- Opening Delimiter -

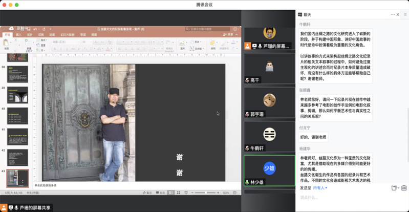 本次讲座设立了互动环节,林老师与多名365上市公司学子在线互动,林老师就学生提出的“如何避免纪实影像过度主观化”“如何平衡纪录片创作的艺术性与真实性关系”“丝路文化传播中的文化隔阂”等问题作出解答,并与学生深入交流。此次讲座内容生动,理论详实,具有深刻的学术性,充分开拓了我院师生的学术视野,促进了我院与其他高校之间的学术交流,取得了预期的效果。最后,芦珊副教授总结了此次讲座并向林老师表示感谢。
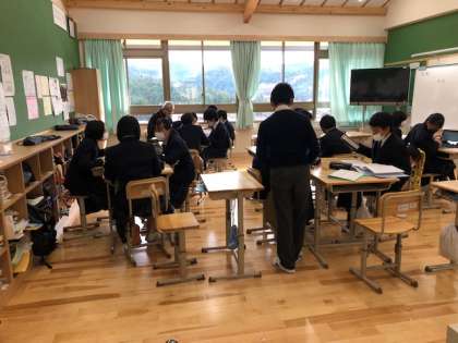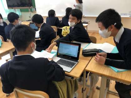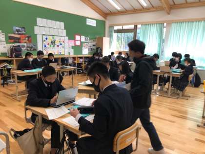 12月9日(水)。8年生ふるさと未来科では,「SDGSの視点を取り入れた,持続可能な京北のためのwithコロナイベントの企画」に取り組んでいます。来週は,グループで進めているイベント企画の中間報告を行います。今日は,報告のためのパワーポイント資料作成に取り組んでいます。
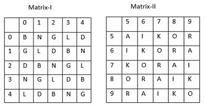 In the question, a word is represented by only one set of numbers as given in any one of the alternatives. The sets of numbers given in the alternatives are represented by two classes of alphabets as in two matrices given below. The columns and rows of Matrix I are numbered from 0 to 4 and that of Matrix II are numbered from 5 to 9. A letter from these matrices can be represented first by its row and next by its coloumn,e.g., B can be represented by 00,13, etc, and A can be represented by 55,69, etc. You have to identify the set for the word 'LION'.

- Closing Delimiter -
- Opening Delimiter -

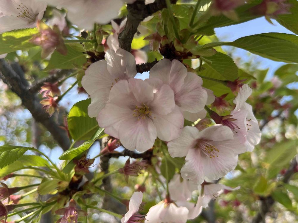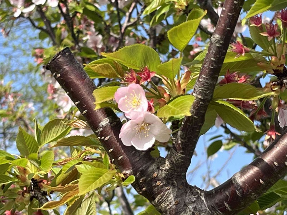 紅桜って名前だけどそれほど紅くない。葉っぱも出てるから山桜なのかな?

- Closing Delimiter -
- Opening Delimiter -

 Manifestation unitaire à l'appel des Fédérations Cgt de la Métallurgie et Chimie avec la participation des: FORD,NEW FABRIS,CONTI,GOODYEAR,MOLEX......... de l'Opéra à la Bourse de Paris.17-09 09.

- Closing Delimiter -

### [WHAT IS NEEDED]
What should come back is an exact copy of the lines above from the line with "12月9日(水)。8年生ふる" to the line with "In the question, a", both included, minus the pictures.

### [EXERCISE OUTPUT]
 12月9日(水)。8年生ふるさと未来科では,「SDGSの視点を取り入れた,持続可能な京北のためのwithコロナイベントの企画」に取り組んでいます。来週は,グループで進めているイベント企画の中間報告を行います。今日は,報告のためのパワーポイント資料作成に取り組んでいます。
 In the question, a word is represented by only one set of numbers as given in any one of the alternatives. The sets of numbers given in the alternatives are represented by two classes of alphabets as in two matrices given below. The columns and rows of Matrix I are numbered from 0 to 4 and that of Matrix II are numbered from 5 to 9. A letter from these matrices can be represented first by its row and next by its coloumn,e.g., B can be represented by 00,13, etc, and A can be represented by 55,69, etc. You have to identify the set for the word 'LION'.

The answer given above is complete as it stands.